The performance is vastly improved by grouping all pixels that share the same direction values. This means the screen-space linear depth buffer is stored in 16 layers each representing one direction of the 4x4 texture. Each layer has a quarter of the original resolution. The total amount of pixels is not reduced, but the sampling is performed in equal directions for the entire layer, yielding better texture cache utilization.
Linearizing the depth-buffer now stores into 16 texture layers.
The actual HBAO effect is performed in each layer individually, however all layers are independent of each other, allowing them to be processed in parallel.
Finally the results are stored scattered to their original locations in screen-space.
Compared to the regular HBAO approach, the efficiency gains allow using the effect on full-resolution, improving the image quality.

MSAA support:

The effect is run on a per-sample level N times (N matching the MSAA level).
For each pass glSampleMask( 1 << sample); is used to update only the relevant samples in the target framebuffer.

Blur:

A cross-bilteral blur is used to eliminate the typical dithering artifacts. It makes use of the depth buffer to avoid smoothing over geometric discontinuities.

sample screenshot

Performance

The cache-aware technique pays off on larger AO radii or higher resolutions (full HD).
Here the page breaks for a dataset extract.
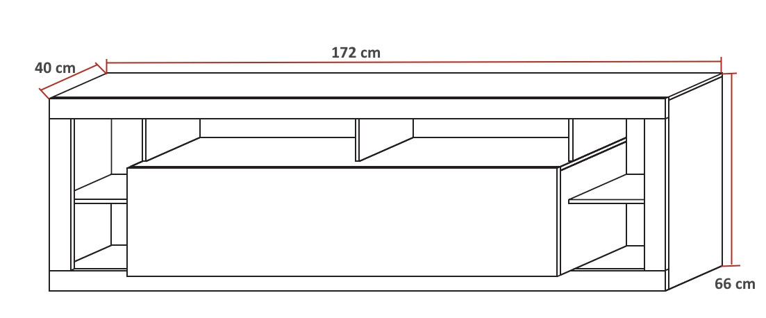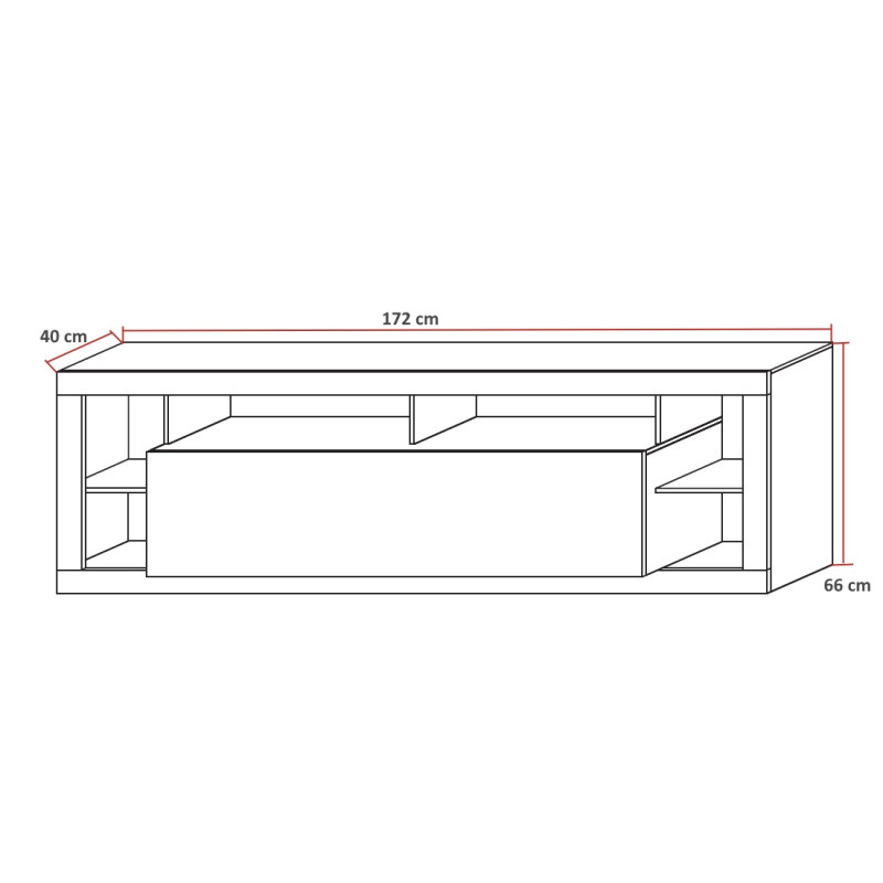 Avec ses dimensions généreuses — 172 cm de longueur, 66 cm de hauteur et 40 cm de profondeur —, ce meuble de salon offre un vaste espace de rangement pour accueillir vos équipements multimédias, vos accessoires et vos objets décoratifs. Son agencement ingénieux, comprenant une porte battante dotée d’un système d’ouverture Soft Closing, garantit un usage confortable et silencieux au quotidien. Le pied arrière en PVC assure une parfaite stabilité, même lorsqu’il est chargé. Ce meuble de salon allie ainsi durabilité, style et praticité pour répondre aux exigences des foyers modernes.
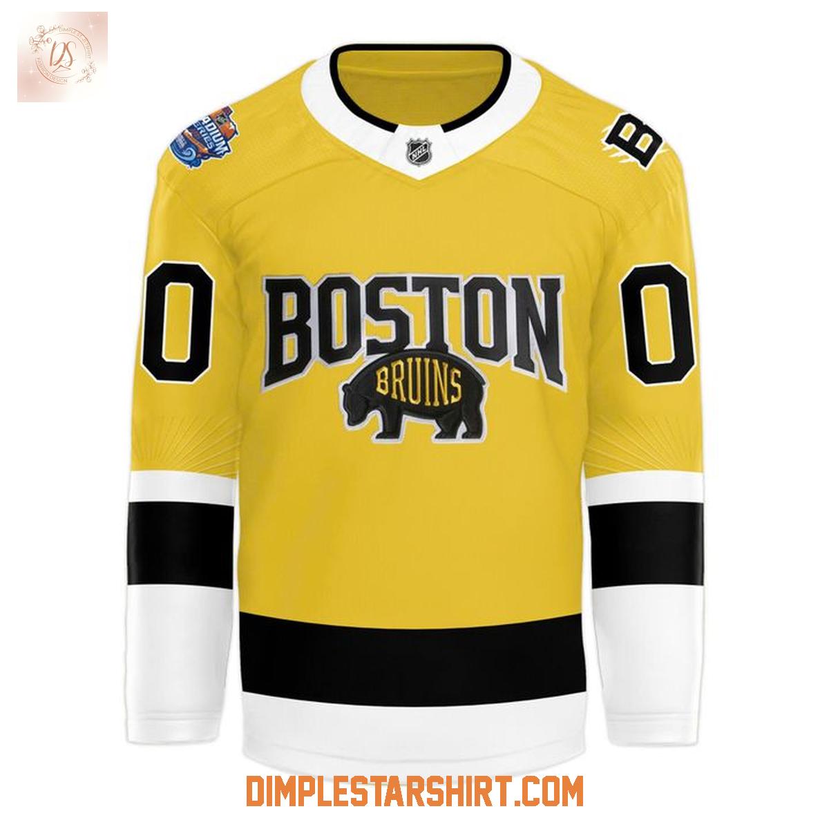The jersey features the iconic Bruins logo prominently displayed on the chest, along with the "BOSTON" wordmark. The shoulder patches commemorate the Stadium Series event. The design includes contrasting stripes on the sleeves and bottom hem, adding to the authentic hockey aesthetic. You can even personalize it with your own name and number on the back, making it a truly unique piece of fan gear.

Timings in microseconds via GL timer query taken on a Quadro M6000, no MSAA, 1080p (sample default is 720p, which may give less difference between the two).

Classic

Timer ssao;            GL    2434;
 Timer linearize;      GL      54;
 Timer ssaocalc;       GL    2177;
 Timer ssaoblur;       GL     198;

Cache-Aware

Timer ssao;            GL    1264;        
 Timer linearize;      GL      55;
 Timer viewnormal;     GL      76;
 Timer deinterleave;   GL      93;
 Timer ssaocalc;       GL     762;
 Timer reinterleave;   GL     100;
 Timer ssaoblur;       GL     167;

Sample Highlights

The user can change MSAA settings, blur settings and other parameters.

Key functionality is found in

Sample::drawHbaoClassic()
Sample::drawHbaoCacheAware()

As well as in helper functions

Sample::drawLinearDepth()
Sample::drawHbaoBlur()

The sample contains alternate codepaths for two additional optimizations, which are enabled by default.
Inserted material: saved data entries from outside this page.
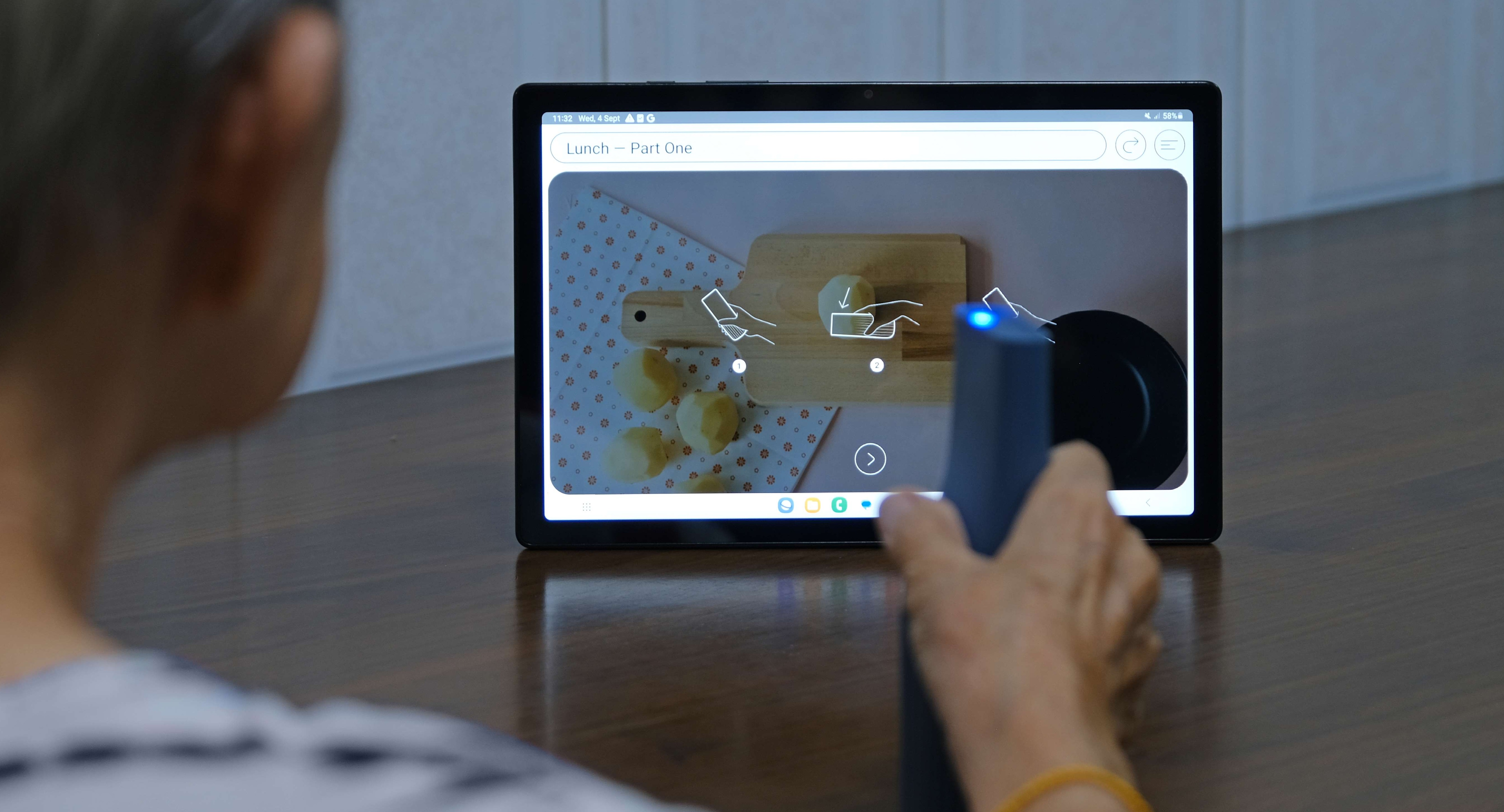 In response to these challenges, this solution offers a novel method to help dementia patients maintain cognitive function through engaging therapeutic activities. The solution is a cognitive stimulation system that leverages motion tracking and multi-sensory feedback to help users recall familiar actions from their daily lives. By recreating activities such as ironing or spreading jam, the device taps into procedural memory, allowing users to re-enact tasks they once performed regularly. This process stimulates recollection, helping to evoke personal memories and improve cognitive agility.
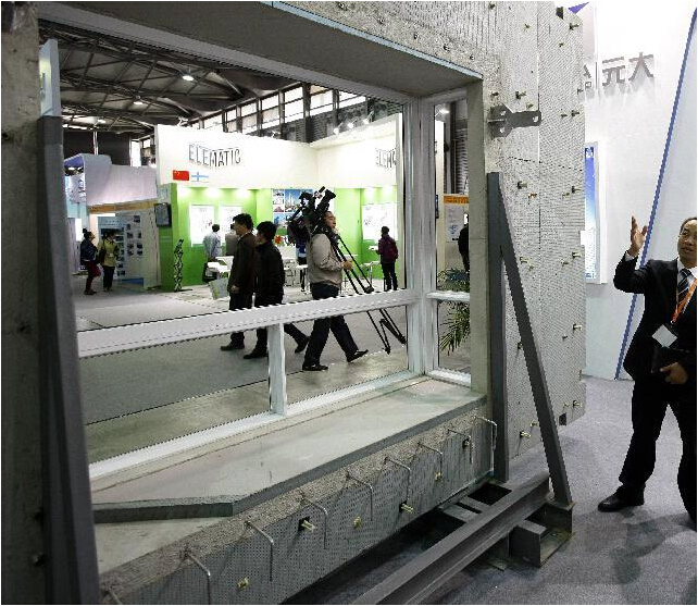 10月14日,工作人员(左)在展会上向观众介绍新型的墙体结构
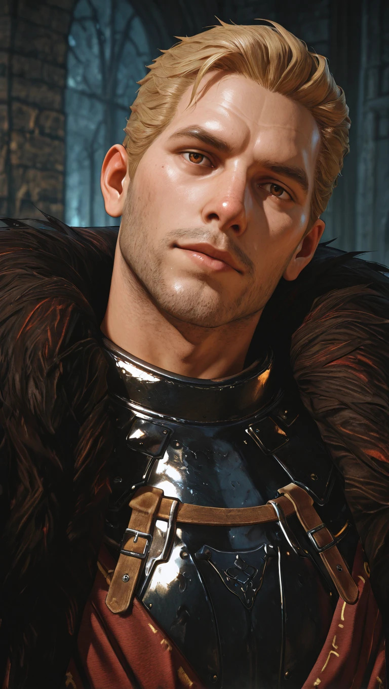 fur-trimmed cloak, pauldrons, breastplate, shirt, gauntlets, gloves, belt, black pants, bootsThe settings I used for my generation testing were 3-5 CFG, 20 steps, DPM++ 2M SDE - Karras on Forge with an adetailer (specifically face_yolov8s).

USE_AO_SPECIALBLUR: Depth is stored with the ssao calculation, so that the blur can use a single instead of two texture fetches, which improves performance.
USE_AO_LAYERED_SINGLEPASS: In the cache-aware technique we update the layers of the ssao calculation all at once using image stores and attachment-les fbo or a geometry shader with layers, instead of rendering to each layer individually.

Building

Ideally, clone this and other interesting nvpro-samples repositories into a common subdirectory. You will always need nvpro_core. The nvpro_core is searched either as a subdirectory of the sample, or one directory up.
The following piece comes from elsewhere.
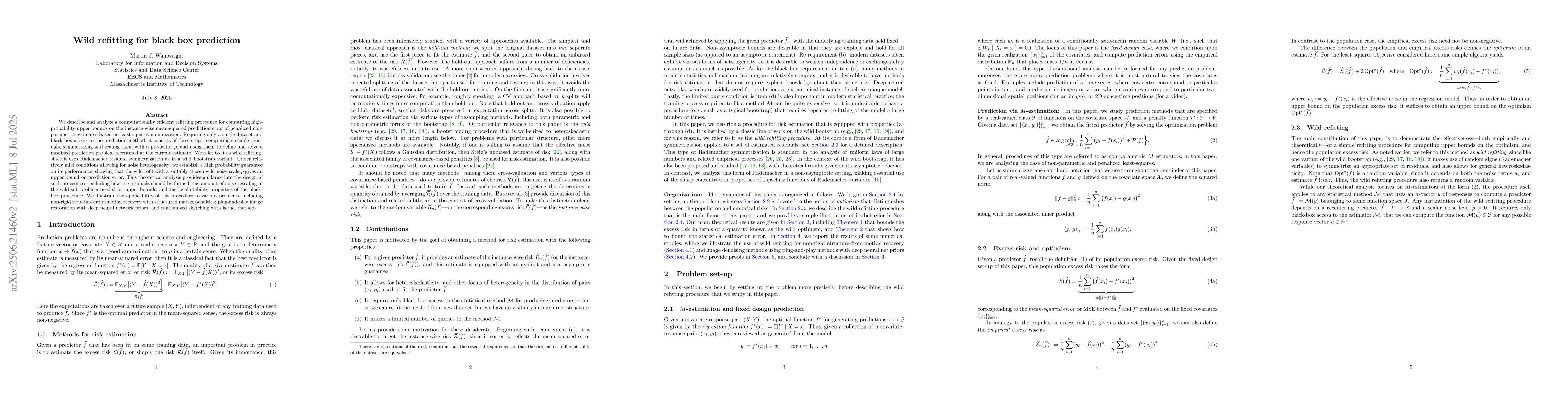 It introduces the concept of wild refitting as an efficient, black box compatible procedure for high-probability error bounds, bridging bootstrap ideas with nonparametric prediction analysis.
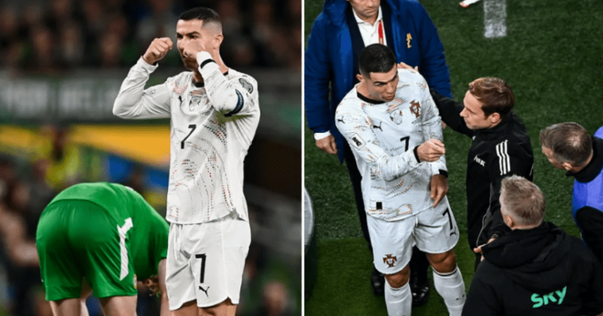 Ronaldo was given his marching orders within the 62nd minute, initially shown a yellow card after swinging an elbow at defender Dara O’Shea.

If you are interested in multiple samples, you can use build_all CMAKE as entry point, it will also give you options to enable/disable individual samples when creating the solutions.

Providing Pull Requests

NVIDIA is happy to review and consider pull requests for merging into the main tree of the nvpro-samples for bug fixes and features. Before providing a pull request to NVIDIA, please note the following:

A pull request provided to this repo by a developer constitutes permission from the developer for NVIDIA to merge the provided changes or any NVIDIA modified version of these changes to the repo. NVIDIA may remove or change the code at any time and in any way deemed appropriate.
Not all pull requests can be or will be accepted. NVIDIA will close pull requests that it does not intend to merge. The modified files and any new files must include the unmodified NVIDIA copyright header seen at the top of all shipping files.